__Data for this task__:
------------------------------------
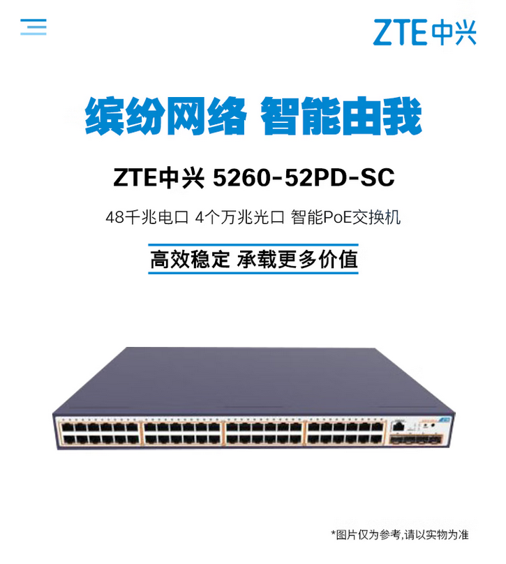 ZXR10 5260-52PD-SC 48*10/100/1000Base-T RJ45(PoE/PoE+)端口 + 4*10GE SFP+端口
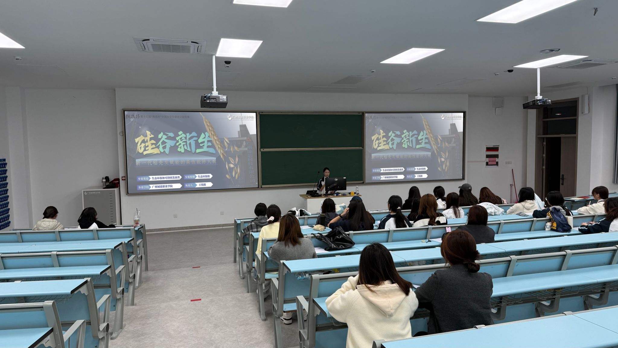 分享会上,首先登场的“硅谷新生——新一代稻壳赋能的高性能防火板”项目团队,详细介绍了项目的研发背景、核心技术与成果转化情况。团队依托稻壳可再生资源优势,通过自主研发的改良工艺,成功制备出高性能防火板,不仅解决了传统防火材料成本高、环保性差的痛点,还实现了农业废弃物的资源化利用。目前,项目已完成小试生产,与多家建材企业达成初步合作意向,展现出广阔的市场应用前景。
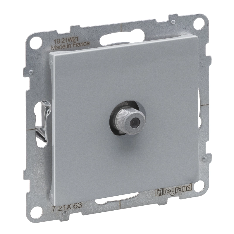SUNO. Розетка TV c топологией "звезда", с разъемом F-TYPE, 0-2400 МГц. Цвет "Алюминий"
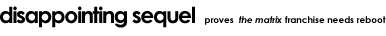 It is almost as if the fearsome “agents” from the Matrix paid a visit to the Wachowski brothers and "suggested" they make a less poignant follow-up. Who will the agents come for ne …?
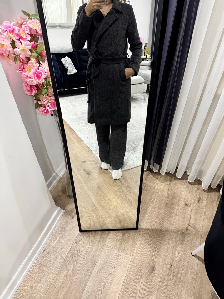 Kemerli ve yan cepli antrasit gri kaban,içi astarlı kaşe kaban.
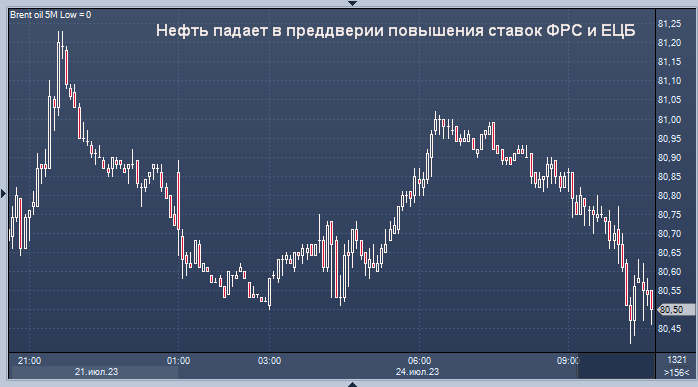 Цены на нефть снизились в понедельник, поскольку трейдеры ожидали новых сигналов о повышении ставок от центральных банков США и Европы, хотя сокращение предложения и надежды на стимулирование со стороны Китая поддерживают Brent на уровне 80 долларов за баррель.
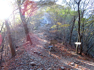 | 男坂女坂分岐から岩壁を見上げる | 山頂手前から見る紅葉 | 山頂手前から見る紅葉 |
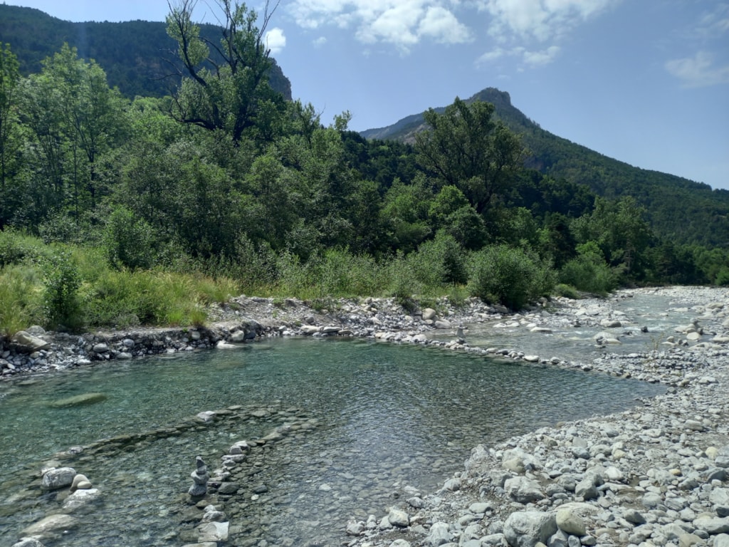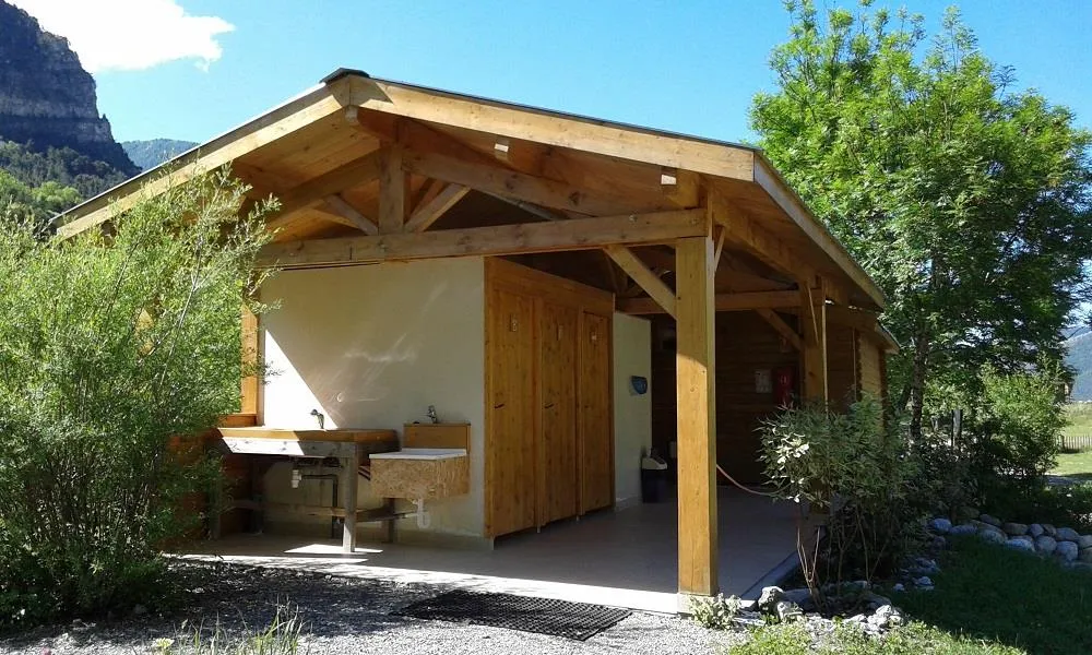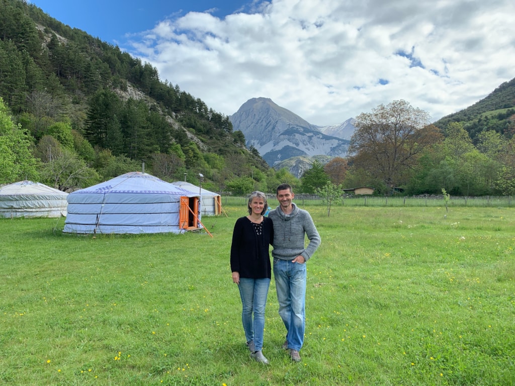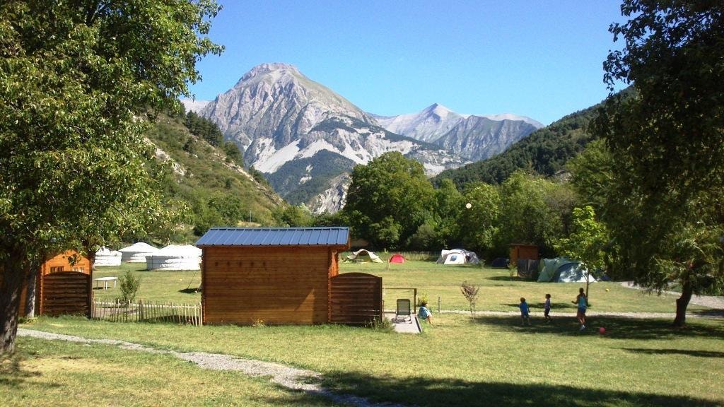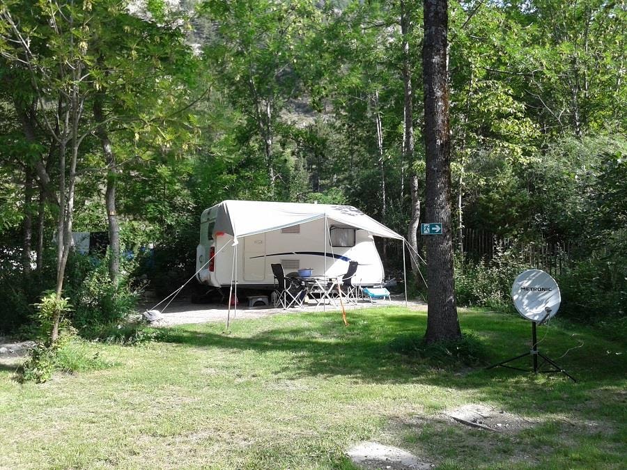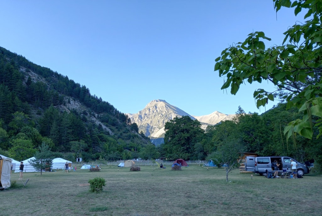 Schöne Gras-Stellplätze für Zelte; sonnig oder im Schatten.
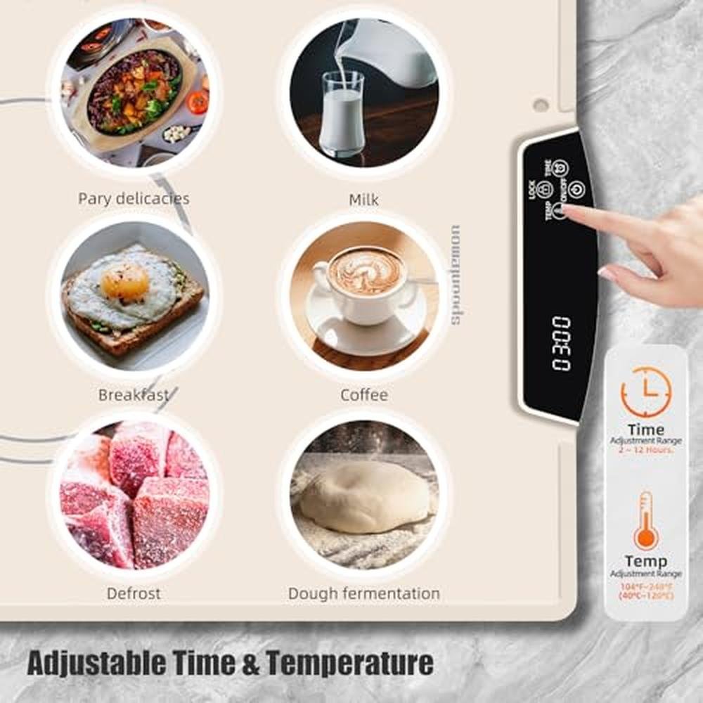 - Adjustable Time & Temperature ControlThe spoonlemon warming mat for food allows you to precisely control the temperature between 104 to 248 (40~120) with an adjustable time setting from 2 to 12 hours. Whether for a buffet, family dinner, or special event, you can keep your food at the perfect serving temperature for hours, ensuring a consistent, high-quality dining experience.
------------------------------------
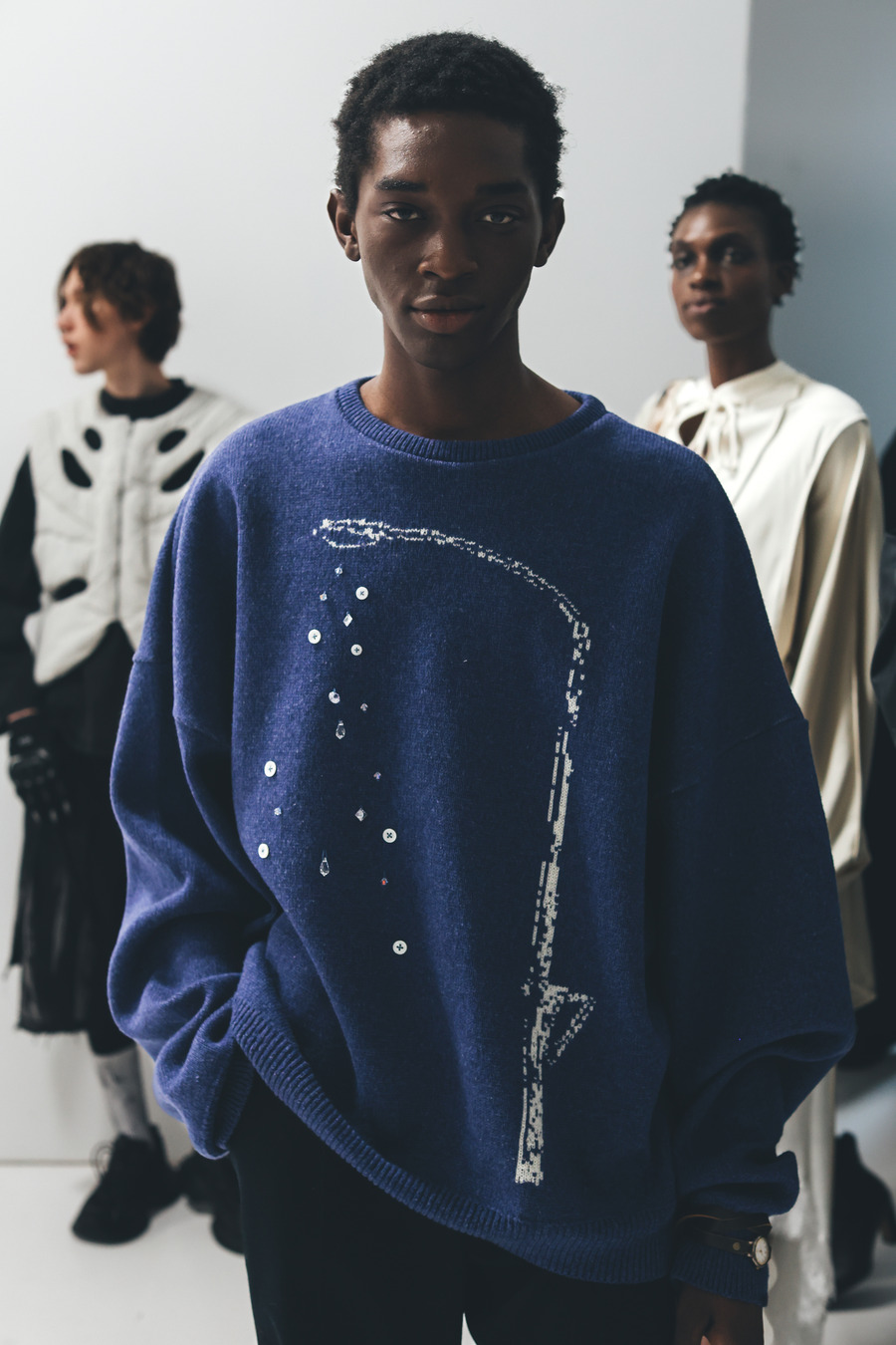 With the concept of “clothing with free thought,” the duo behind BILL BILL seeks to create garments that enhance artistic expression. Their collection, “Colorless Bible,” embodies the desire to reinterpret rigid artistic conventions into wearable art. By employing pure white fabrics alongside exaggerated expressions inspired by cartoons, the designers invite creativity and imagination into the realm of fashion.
------------------------------------
__Problem to solve__: Extract, without any images, the part of the material above that opens with the line containing "ZXR10 5260-52PD-SC 48*10/100/1000Base-T" and closes with the line containing "Kemerli ve yan", both lines included.

__Solution below__:
 ZXR10 5260-52PD-SC 48*10/100/1000Base-T RJ45(PoE/PoE+)端口 + 4*10GE SFP+端口
 分享会上,首先登场的“硅谷新生——新一代稻壳赋能的高性能防火板”项目团队,详细介绍了项目的研发背景、核心技术与成果转化情况。团队依托稻壳可再生资源优势,通过自主研发的改良工艺,成功制备出高性能防火板,不仅解决了传统防火材料成本高、环保性差的痛点,还实现了农业废弃物的资源化利用。目前,项目已完成小试生产,与多家建材企业达成初步合作意向,展现出广阔的市场应用前景。
SUNO. Розетка TV c топологией "звезда", с разъемом F-TYPE, 0-2400 МГц. Цвет "Алюминий"
 It is almost as if the fearsome “agents” from the Matrix paid a visit to the Wachowski brothers and "suggested" they make a less poignant follow-up. Who will the agents come for ne …?
 Kemerli ve yan cepli antrasit gri kaban,içi astarlı kaşe kaban.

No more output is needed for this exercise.